A Bailar is the debut studio album by Argentine singer Lali, first released on 21 March 2014.

The album peaked at No. 5 in Argentina, where it was certified gold by the Argentine Chamber of Phonograms and Videograms Producers (CAPIF). For the 2015 Gardel Awards, A Bailar won in the categories for "Best New Pop Artist Album" and "Best Female Pop Album".

Espósito embarked on a concert tour to promote the album, A Bailar Tour. It was highly successful in South America.

Singles
Espósito released "A Bailar" as the lead single on 12 August 2013. The single was a success in Argentina and Latin America. In 2014, the song won in the category for "Favorite Latin Song" at the Kids' Choice Awards Argentina and for "Best Female Music Video" at the Quiero Awards.

"Asesina", was released on 29 October 2013 as a promotional single of the album and it was released on 10 March 2014 as the second single off the album. The song is a hip-hop/pop genre song. It won the Quiero Award for "Best Choreography".

In November 2014 Espósito performed "Mil Años Luz" at Susana Giménez, which was released as the third single of A Bailar the same night.
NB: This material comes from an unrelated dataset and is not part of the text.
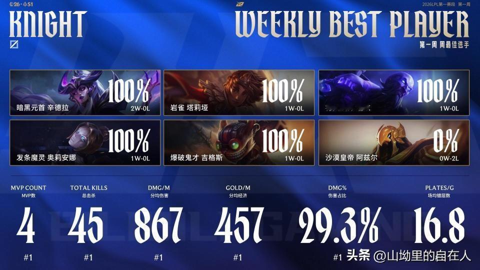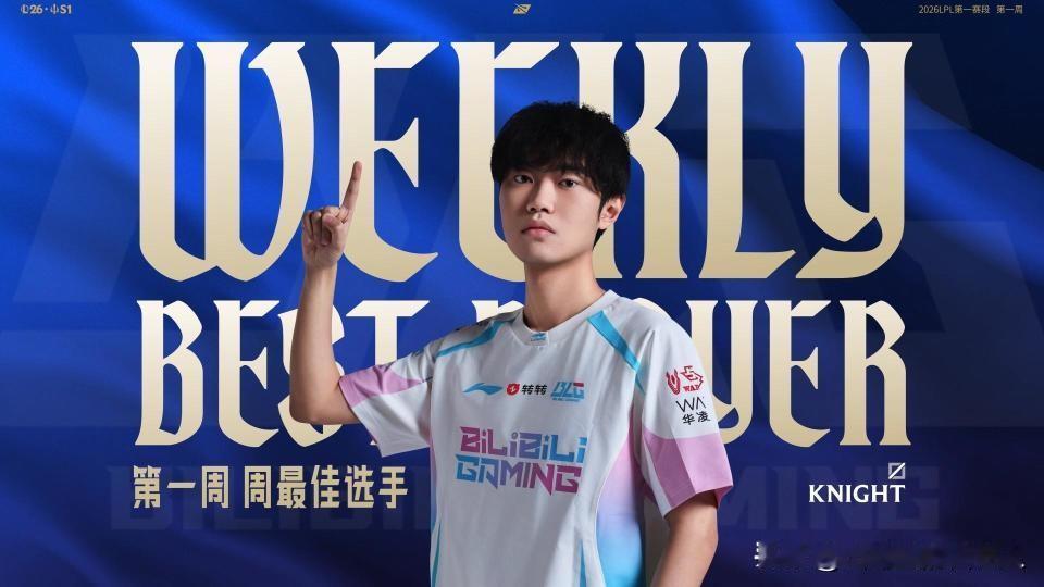 2026年LPL第一赛段首周最佳阵容已于1月19日公布。 - 上单:BLG.Bin - 打野:AL.Tarzan - 中单:BLG.Knight(周最佳选手) - 下路:BLG.Viper - 辅助:BLG.ON

The music video is a multi-angle live performance at Teatro Opera Allianz in Buenos Aires. The song won in the category for "Favorite Song" at the 2015 Kids' Choice Awards Argentina.

After signing with Sony Music Argentina, Espósito released her fourth single on 7 January 2015 by releasing a lyric video for "Del Otro Lado". The song is a ballad about a couple's misfortunes. A music video was released on 10 March 2015, a year after the "Asesina" music video.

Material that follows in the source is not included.